Over de Zending.
In het Nederlandsch Zendingsjaarboekje voor het jaar 1911 vinden we o. a. de volgende opgave:
Gereformeerde Zendingshond,
opgericht 6 Februari 1901. Gevestigd te Utrecht.
Voorzitter: Dr. J. D. de Lind van Wijngaarden, Putten; Secretaris: Ds. G. H. Beekenkamp, Delft, Brab. Turfmarkt 76; Penningmeester: Ds. H. A. Heijer te Renkum.
Lidmaatschap f 1.— per jaar. Periodieke geschriften, : Alle den Volcke (maandblad).

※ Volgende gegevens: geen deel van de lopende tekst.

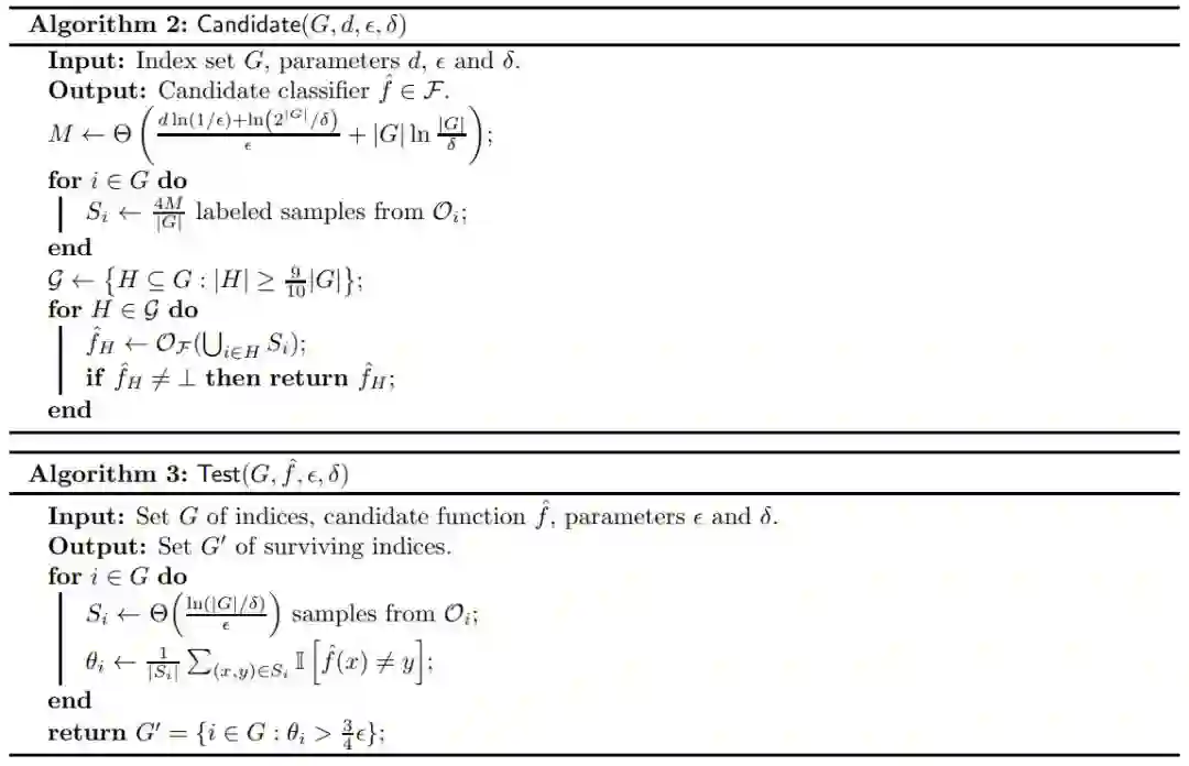 在这部分里,研究者展示了一种迭代(ǫ, δ, η)-学习算法,达到了 O(ηn+ln n)的计算开销(n=O(d))。这里 n表示用户数量,d 表示假设类 F 的 VC-维。由于 F 可以是很大甚至为无穷大的值,作者假设算法通过一个 oracle O_F 访问 F,给定一个标记样本的集合 S={(x_i,y_i)},算法将返回一个分类器 f∈F 从而 f(x_i)=y_i 对所有数据对(x_i , y_i)∈ S 都成立;或者返回⊥,如果 F 不包含任何一致函数。算法通过 n 个样本的数据库 O_1,O_2,...,O_n 和潜在的数据分布 D_1,D_2,...,D_n 进行交互,其中最多有η比例的样本是恶意的。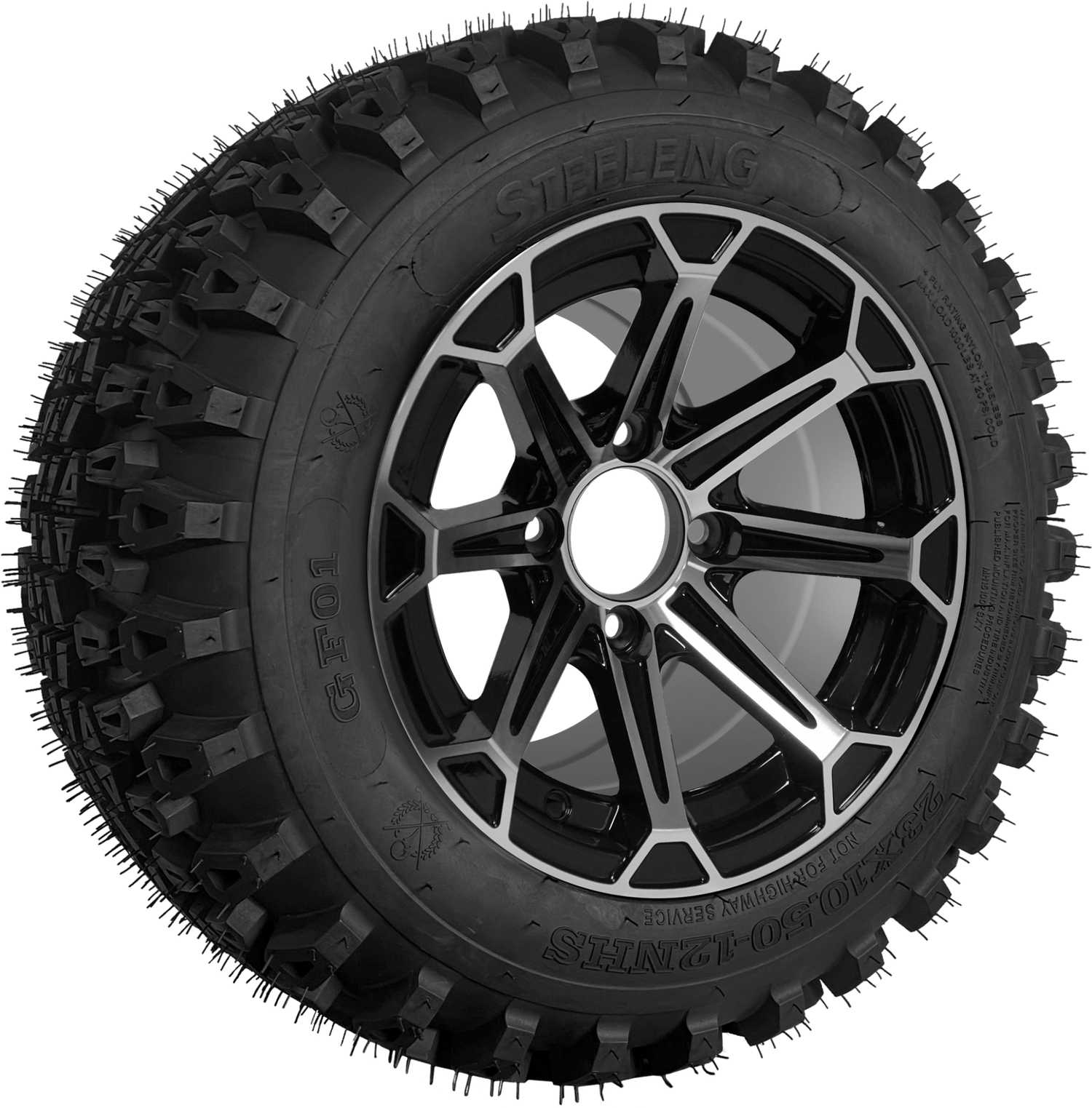 SGC 12" Fang Machined/Black Wheel - Aluminum Alloy / STEELENG 23"x10.5"-12" QH All Terrain Tire Tires Combo - Set of 4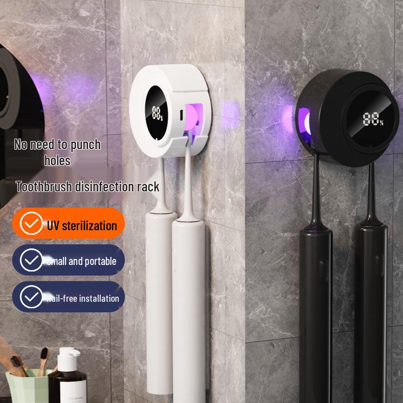 UV-sterilisierender Zahnbürstenhalter: Wandmontiert, Bohrlos, Reiniger & Trockner für den Heimgebrauch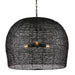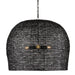 The Piero Black Large Chandelier may appear to be woven from a natural plant material but it is made of iron in a satin black finish to make it an exemplar of the skills that our craftspeople bring to their work. When the black chandelier is illuminated, textural patterns will enliven surrounding surfaces, when it is not, the flowing weave will continue to be a textural accent in a space.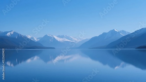 Calm Lake with Snow-Capped Mountains Under a Clear Blue Sky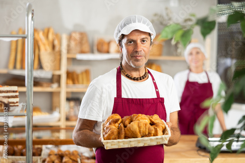 elderly, mature, adult, woman, female, man, male, 60s, 40s, caucasian, american, european, assistant, market, shop, consider, sell, seller, shelf, shopping, purchasing, food, grocery, good, retailer, product, consumerism, uniform, employee, indoor, job, work, selling, showcase, counter, bread, bakery, baked, pastry, croissant, baguette, dessert, sweet, cake, pie, cotton balls

De a. s. Zendelingen worden opgeleid aan de Nederlandsche Zendingsschool te Rotterdam.
Geldmiddelen: kapitaal f19000. De Bond heeft tot dusverre nog geen Zendeling afgevaardigd; er is thans éen in opleiding.
Zending der Geref. Kerken in Nederland,
adres: Ds. H. Dijkstra te Smilde.
Deze Zending staat onder de leiding der Kerkelijke vergaderingen en van hare deputaten ad hoc. Op de onderscheidene zendingsterreinen wordt zij uitgevoerd door plaatselijke Kerken met steun van naburige Kerken. Ieder lid der Kerk wordt geacht hierbij uit kracht van zijn lidmaatschap te moeten medewerken. !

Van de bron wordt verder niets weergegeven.